Операция "Драконьи яйца" — страница 22 из 44

После сегодняшнего долгого дня, глядя на тонкую девичью фигуру, Коэн готов был уверовать и в мистическое притяжение, и в не менее мистический зов души, но портки, вернее их отсутствие погрузиться в романтическую хрень очень мешали.

Как она здесь некстати, когда он с беззащитными перед её нежной красой бубенцами…

Староста четвёртого курса боевиков отступил назад, чувствуя, как впиваются в ступни мелкие камни. Было холодно. И мокро. Под ногами оказался то ли ручей, то ли какая-то лужа. Коэн с тревогой подумал, лишь бы не заццвахтская грязь, которая укрывала вроде западный склон горы, но иногда, очень редко, её пласты попадались и тут, в журавлиных окрестностях.

Что Шапек вообще могла здесь делать? Среди ночи, в безлунном лесу, когда вокруг мельтешат вездесущие летучие мыши?

Склон уходил от террасы вниз, деревьев здесь почти не было, это давало приличный обзор во все стороны, и скрыться незамеченным Коэну не стоило и мечтать.

Оставалось только молча наблюдать за девчонкой, надеясь, что ей не придёт в голову соваться а тёмный провал грота или, что ещё хуже, спускаться к старой тренировочной площадке.

Петра постояла немного ещё, а потом сделала нерешительный шаг вниз, туда, где едва заметно мерцал силовой контур полигона.

Коэн беззвучно ругнулся, лихорадочно соображая, чем можно прикрыться, понимая, если не остановит её, случится беда. Одна из невидимых охранных сетей шла прямо через площадку, и ход туда хоть и был упреждающе завален камнями, но всё же пробраться к ней было возможно. Если б не контур. А тот мог и наглухо пришибить, это ему ещё Моравиц рассказывал. Так и сказал:

— У старого полигона увижу, если жив останешься, сам пришибу, а потом подниму и к отцу за добавкой отправлю.

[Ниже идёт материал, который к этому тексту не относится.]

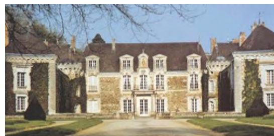
château de la Lorie, en 1998

La branche dont je descends est celle de La Chapelle-sur-Oudon où les Roynard sont probablement tisserands de lin, mais peu d'indications de métier à ce jour. La culture et le tissage du lin font alors vivre une partie de la population dans cette région.

Коэн впечатлился так, что даже любопытствовать тогда не стал, к чему такая таинственность. И все три года честно обещанное исполнял — не сунулся дальше грота ни разу.

И это он, Коэн Бачек, староста боевиков, известный всему Журавлю виртуозным кружным тараном и абсолютным чемпионством среди студиозусов в магспаринге. А тут его какая-то малявка с лекарского обошла! Идёт себе, не спотыкается, никакого чутья у человека!

Ну зато он теперь хоть любопытство уймёт, что там за полигон такой старый. И вообще он тут девушку спасает, а не приключения на тренированные булки ищет. Так что никаких претензий. На чеку и на страже. Надо оправдывать.

Петра спускалась всё ниже.

Точно к полигону идёт, подумал Бачек, шумно выдохнув.

Вот же… Пигалица! Да чтоб тебя Дракон из читалки до зимы не выпустил! Неугомонная девица! Чтоб тебя стадо свинорогов по лесу гоняли, пока дурь из тебя не выветрится! Куда вообще среди ночи одна попёрлась?! Да чтоб… Чтоб… Чтоб очнуться тебе с голым задом в полной летучих мышей пещере! Коэн продолжал беззвучно ругаться, лихорадочно осматриваясь вокруг и соображая, чем можно прикрыться. Подчистую содрал торчащий поблизости жухлый папоротниковый куст и начал вязать из него… да хоть что-то.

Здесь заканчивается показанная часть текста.